Self-Updating GitOps

Self-hosted, Self-healing, Self-updating, Self-patching Kubernetes madness

Image credit: Unsplash

I’m fascinated with the idea of automating myself out of a job.

Throughout my career, I’ve done a lot of server maintenance. I’ve seen first hand what happens when you don’t update often. I know how painful it is to do multiple “catch up” upgrades for older software.

Over the past 5 years, open source containerization has dominated the industry and there’s no signs of slowing down.

We’re at the point now that we’ve abstracted a lot of the “sharp-edges” around application development. Today, applications are less reliant on the underlying hardware. Kubernetes is the abstraction layer that helps applications just work™

That got me thinking about what the next evolution was for cloud native practitioners.
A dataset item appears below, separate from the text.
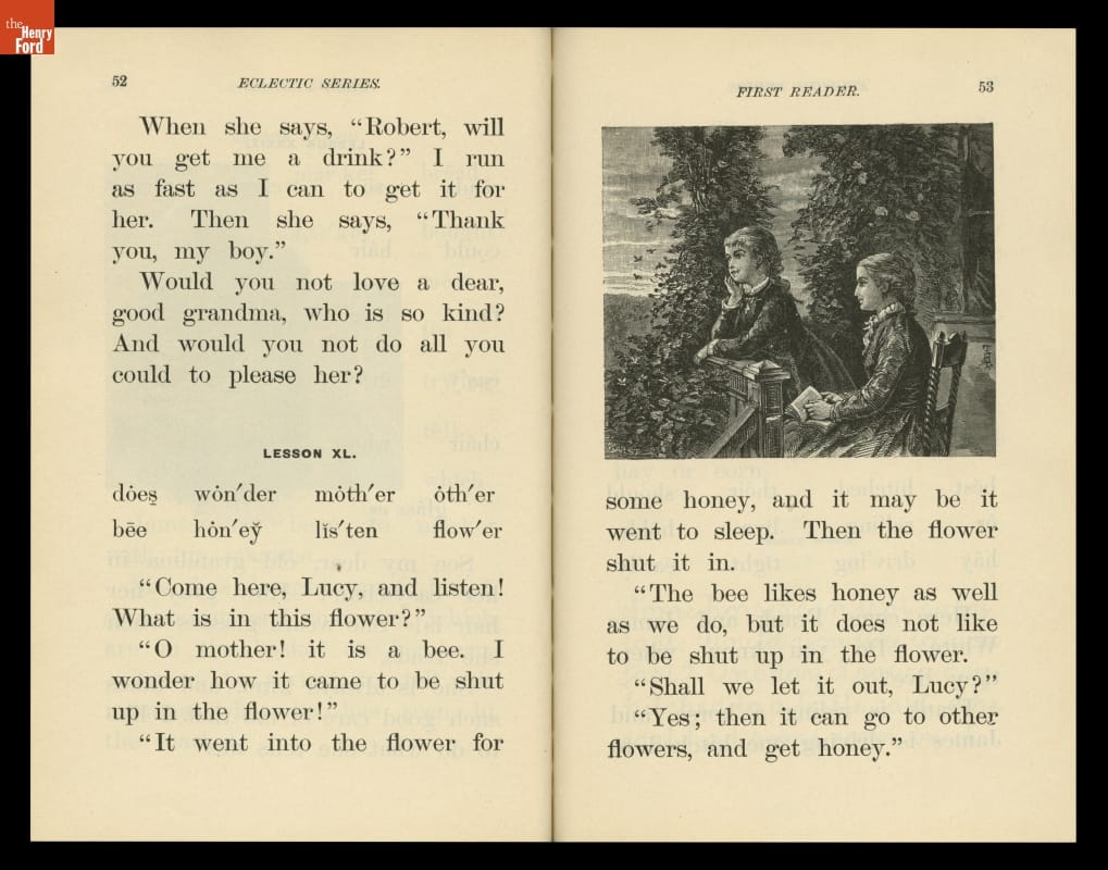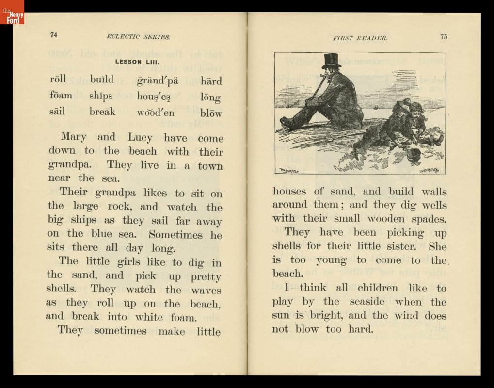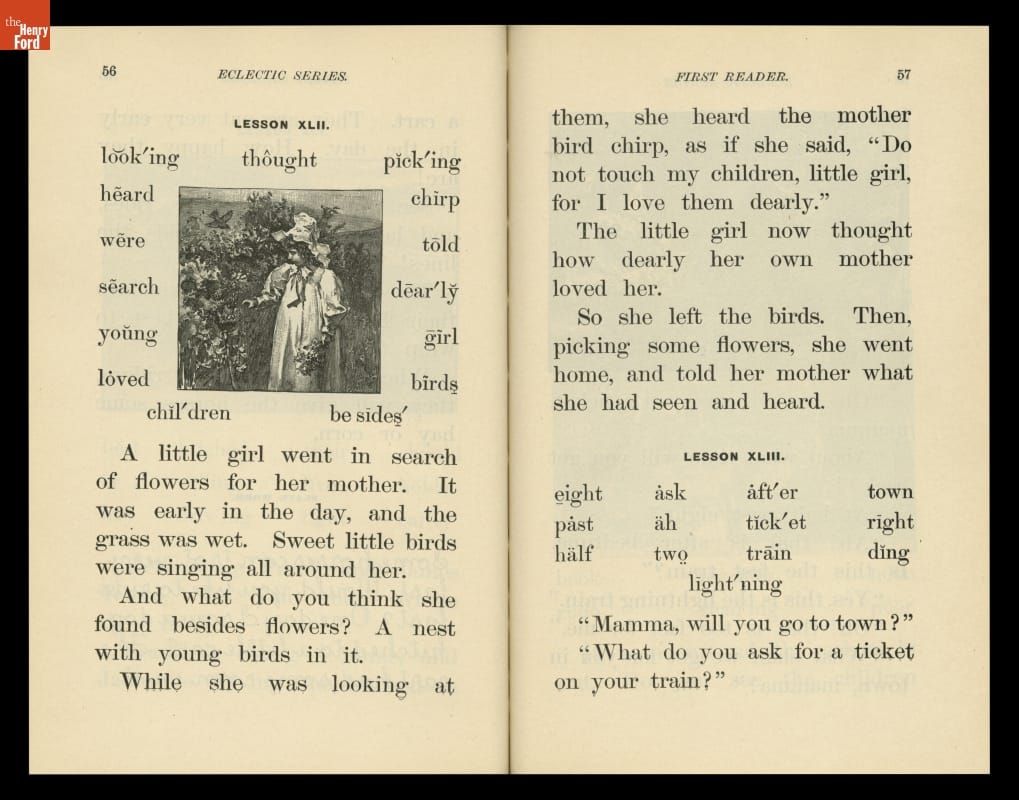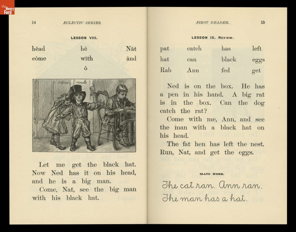 The McGuffey Readers textbook series was used in American schools during the nineteenth and early twentieth centuries. The Readers emphasized the fundamental skills of reading and writing but included stories on a wide range of subjects from many sources (hence, "eclectic"). The books were also intended to develop proper character in children, and had a religious overtone.

I posted a silly question on Twitter about “turning on all the automation.”

In this proposal, the cluster would self-upgrade and GitOps would update applications, including itself. High level overview:

Overview

Or more detailed:

Flow Chart

There’s so much that could go wrong with this. I should remind everyone that this is for fun and NOT production. Upgrades could conflict, packages could break dependencies, releases could be tainted, etc.

I wanted to try this using local VMs. So I spun up 3 Ubuntu VMs on VMware Workstation. It seems like cheating to use a cloud provider for auto-patching.

In my first attempt, I built the cluster using kube-spray because it’s production ready with more “batteries included.” The “batteries included” ended up obscuring some of the configuration; which later came to bite me.

isitstillrunning.com

Once the infrastructure was stable-ish and auto-updating, I launched a website: isitstillrunning.com to track the cluster’s progress. A script on the control plane would scrape the node and commit the data back in GitHub daily (which then triggers a website build).

The cluster ran for 8 months and survived 2 major releases and a handful of patch releases! 🎉

However, I made a couple mistakes when configuring kubespray and I had to redo the entire project in June of 2021 after everything broke. It wasn’t only kubespray, it was also…

The 2021 Texas Power Crisis

In mid-February of 2021, central Texas lost power for a week impacting millions. I was without power and water for 5 days which was longer than the cluster’s DHCP leases. Each node in the cluster received a new IP. 🤦

Below is the final screen grab before I took the cluster offline. The gaps on the right side is the script failing due to the lack of a working Kubernetes cluster.

We can rebuild it

With a fresh slate, I chose to automate most of what I did. This helps for rebuilding after future failures. A couple changes and “lessons learned” that I’m going to add:

  • Use reserved / static IPs
  • Take etcd backups
  • Use Flux v2 (more of a toolkit then operator)
  • Take Calico out of flux, apply the Calico CNI file often
  • Leverage more helm and less kustomize for automation

It would have been great to have Calico auto-update based on image tags or repositories, but it became more complex than it was worth for this project. Let me know if you have thoughts on how to better handle the CNI!

Create the cluster

I wrote my own Ansible playbooks because I want know my cluster’s exact configuration. I also tried to make the playbook easy to read and update. By leveraging Ansible, my future changes and maintenance will be a lot easier.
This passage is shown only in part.